FROM 3D GEOLOGY TO 3D GEOTHERMAL RESOURCE MAPS: PROGRESS AND REMAINING CHALLENGES (Invited Presentation)

Assessment of geothermal resources on regional scales requires the development of 3D temperature models to identify accessible heat at economically viable depths (currently shallower than 7 km). Uncertainty in 3D temperature maps is reduced by integrating a broad collection of surface and subsurface data into regional geologic models, which can constrain thermal properties based on geology and can be calibrated against available temperature data. Recent studies at the U.S. Geological Survey have focused on the Great Basin in Nevada, the onshore Gulf Coast, and the Williston Basin, while ongoing work includes the Anadarko Basin, the Denver-Julesburg Basin, the Greater Green River Basin, and the Permian Basin. Collectively, these studies have predicted drilling depths to reach temperatures sufficient to produce electricity (moderate (>90°C) and high (>150°C)). This presentation will draw on the Great Basin and Williston Basin studies to illustrate various ways 3D geologic models have been constructed, and how they have resulted in 3D temperature maps that support new geothermal assessments.

Highlighting the importance of disentangling conductive versus convective heat flow, the Great Basin geothermal study first developed an estimated conductive heat flow map of the region. This was then utilized to predict temperature at depth using the steady-state heat equation which compared favorably with borehole temperature data throughout the region.

The regional Williston Basin study investigated the potential for deep, hot sedimentary geothermal resources. The study first focused on constructing a 3D geologic model of the basin stratigraphy based on dense borehole data. The 3D model incorporated compaction of sedimentary rocks and estimated thermal properties such as conductivity and radiogenic heat.

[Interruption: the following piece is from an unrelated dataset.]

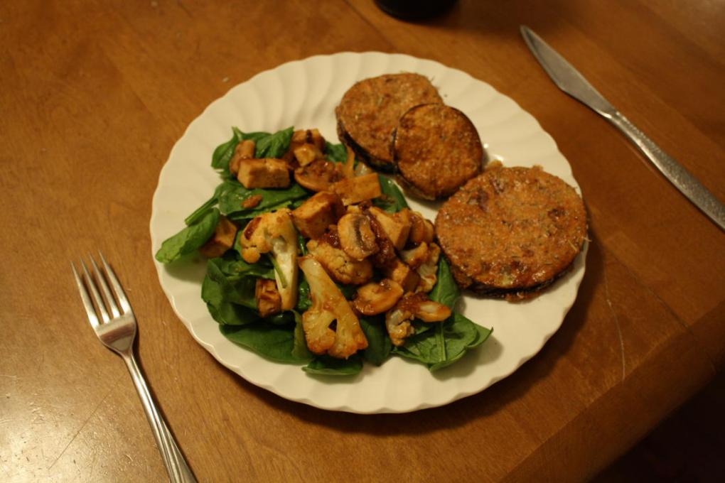 Un sauté de légumes et tofu sur un lit d’épinards accompagné d’aubergines panées au parmesan. Je ne vous parle pas de la quantité d’huile par contre… Ouf!

These varying rock properties can also inform the existence of permeability in regions of sufficiently high temperature, which is required for heat extraction. The model is calibrated to tens of thousands of wells with downhole temperature data to generate maps for regional heat flow and subsurface temperature. Finally, the thermal model is calibrated through geologic time and has been or will be applied to other subsurface energy resources beyond geothermal (i.e., petroleum, natural hydrogen).